Phase 2 POC VARVARA Clinical Trial
The Phase 2 POC VARVARA clinical trial was initiated in 2023 and is a randomized, placebo-controlled, double-blinded clinical trial to evaluate the efficacy, safety and tolerability of empasiprubart in improving allograft function in recipients at risk for DGF. The clinical trial will include approximately 102 recipients of an at-risk deceased donor kidney. After a short screening period of < 24 hours, patients are randomly assigned in a 1:1 ratio to receive two doses of empasiprubart IV or placebo, of which one dose is administered during transplantation and one a week later. Participants receive standardized background induction and maintenance immunosuppression. They are evaluated for 52 weeks, with one additional safety follow-up visit in week 64. The primary endpoint is the estimated glomerular filtration rate (eGFR) at six months. Key secondary endpoints include DGF risk, safety, and PK, PD and immunogenicity.
DM
Overview
DM is an idiopathic inflammatory myopathy characterized by muscle inflammation that causes progressive muscle weakness and is associated with various characteristic skin manifestations. Histopathological findings suggest that DM is a complement-mediated disease. The most common therapy for DM is the administration of steroids. IVIg is the only approved treatment for DM.

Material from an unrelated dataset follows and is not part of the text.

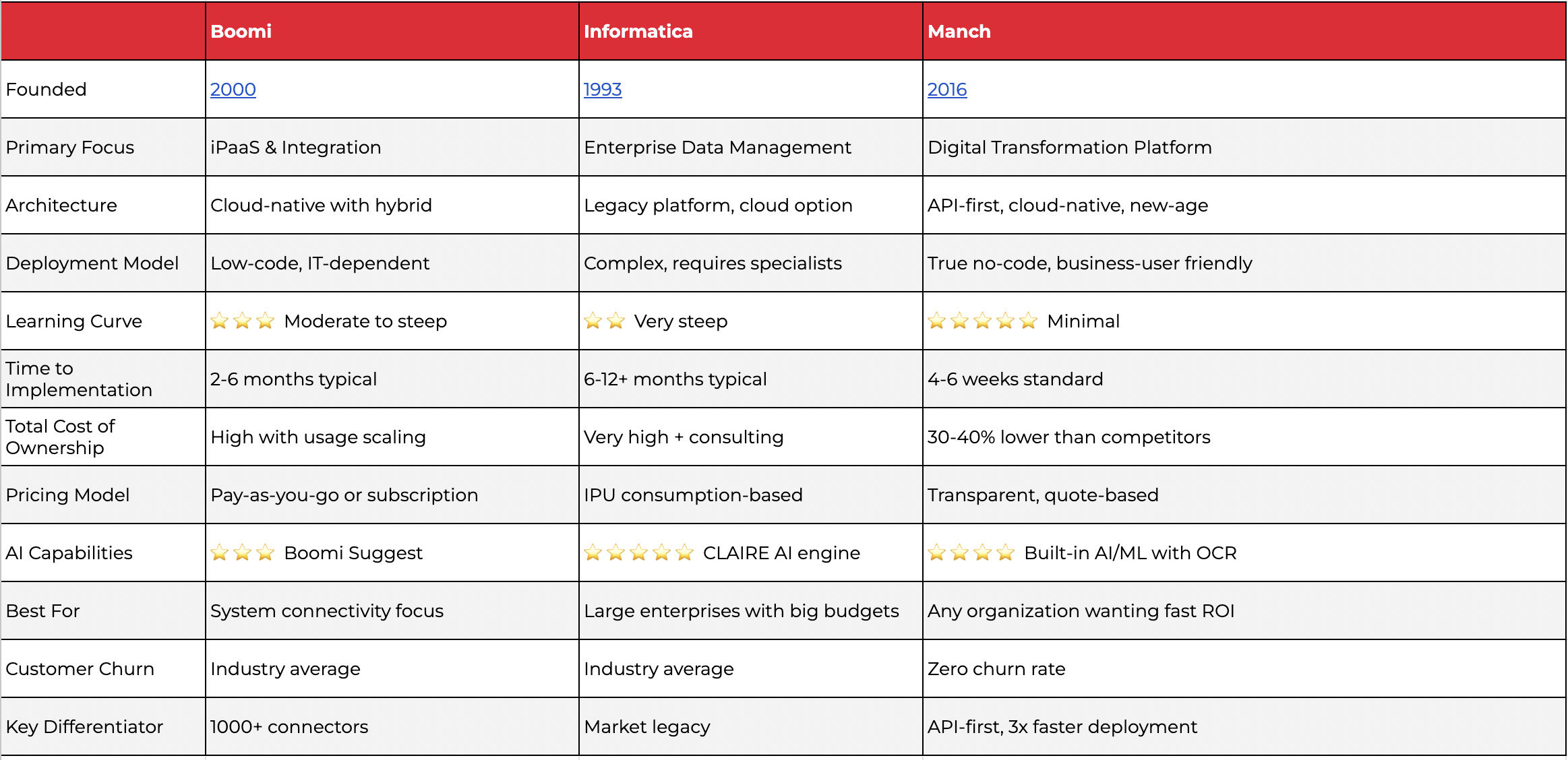 The enterprise platform landscape has evolved beyond legacy approaches. While Boomi and Informatica debate incremental improvements to decades-old architectures, Manch demonstrates that modern, cloud-native platforms can do everything they do—faster, better, and more cost-effectively.
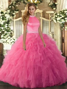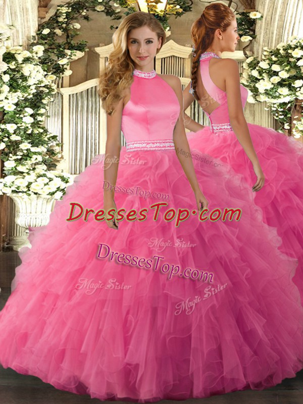 Hot Pink Sleeveless Beading and Ruffles Floor Length 15 Quinceanera Dress

Phase 2 POC EMPACIFIC Clinical Trial
The EMPACIFIC clinical trial is a Phase 2 POC, randomized, double-blinded, placebo-controlled, multicenter clinical trial to evaluate the safety, tolerability, and efficacy of multiple dose regimens of IV empasiprubart in adults with dermatomyositis. A total of 56 adult participants with a clinical diagnosis of DM and active muscle disease will be randomized (1:1:1:1) to one of four treatment arms (three empasiprubart dose regimens and one placebo arm). Participants will receive loading doses on Days 1 and 8, followed by maintenance doses every four weeks until the end of the 52-week treatment phase. The primary objective is to evaluate safety and tolerability. The secondary objective is to evaluate clinical efficacy, using the mean TIS at weeks 13, 25, and 52 as endpoint.